The Agricultural Frontier

Federal government policy and the transcontinental railroads both encouraged the agricultural development of the trans‐Mississippi West. The Homestead Act of 1862 provided 160 effectively free acres to the head of a family who resided on the land for five years; the land could also be acquired after only six months for $1.25 an acre. Although the price was right, small farms were not efficient, given the semiarid conditions on the Great Plains. Under the Timber Culture Act (1873), homesteaders could increase their holdings and acquire an additional 160 acres if they agreed to plant and maintain trees on part of that land. The Desert Land Act (1877) gave farmers an additional 640 acres at $1.25 an acre if the land was irrigated within three years. Many settlers still preferred to buy land from the railroads, which had received millions of acres through federal land grants. There was no limit on the amount of land that could be purchased, and the proximity to the rail lines gave settlers ready access to the markets in the East.
 

Farming on the Great Plains. Settlers quickly realized that the Plains did not yield crops as readily as the land in the East. Necessary but expensive aspects of agriculture on the Great Plains included dry farming, which involved plowing deeply for moisture, then breaking up the soil surface to catch and hold any precipitation. Dry farming required a heavy reliance on agricultural machinery, such as improved steel plows (“sod busters”), threshing and haymaking machines, and seed drills and used windmills to pump water from deep underground. Another important innovation was barbed wire, patented in 1874, which allowed farmers to fence their fields in a region where timber was in short supply, thereby keeping cattle from trampling their crops.

The average farm in the West was larger than those in other regions of the country, sometimes twice the acreage. In the 1870s, so‐called bonanza farms were established in the wheat‐growing northern Plains. Ranging from 1,000 to over 10,000 acres, they were highly mechanized and relied on a large number of laborers to bring in a single crop.

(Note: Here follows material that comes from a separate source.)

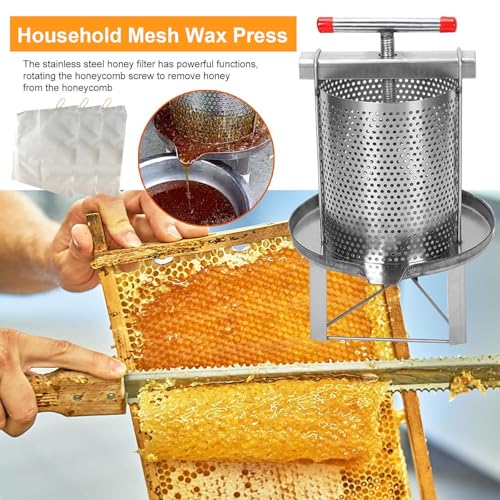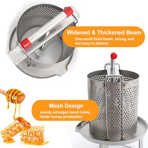 【Stainless Steel Material】- Honey processing machine is made of food grade stainless steel. No ingredients will seep into the food when you use it, which can maximize the retention of the nutrients of the honey. The mesh size on the barrel wall is evenly arranged and more suitable for evenly pressing honey and wax.

Although most disappeared by the 1890s, the bonanza farms were symbolic of the trend toward large‐scale agriculture that began in the West.

Farm production and declining prices. Bringing new lands under cultivation and the widespread use of machinery led to a tremendous increase in farm production. The wheat crop, which became an export staple, grew from 170 million bushels at the end of the Civil War to more than 700 million bushels by the close of the century. Overproduction in the United States and expanded crop production in Argentina, Australia, Canada, and Russia drove agricultural prices down during the same period. Unfortunately, American farmers did not seem to understand how the market operated. When prices fell, the inclination was to plant more, which added to the worldwide surplus and pushed prices still lower.

The promise of wealth through agriculture failed to materialize for most settlers in the West. They had borrowed heavily to buy their land and equipment and, as prices continued to fall, were unable to pay their debts. Foreclosures and the number of tenant farmers steadily increased in the late nineteenth century, particularly on the Great Plains. Farmers typically blamed their plight on others: the railroads for charging exorbitant shipping rates; the federal government for keeping the supply of money tight by adhering to the gold standard; and middlemen, such as grain elevator operators, for not paying the full value for their crops. Although organizations such as the Patrons of Husbandry or the Grange, (which was founded in 1867 and grew quickly to more than a million members) brought redress of some grievances, discontent among the farmers continued to grow at the end of the nineteenth century.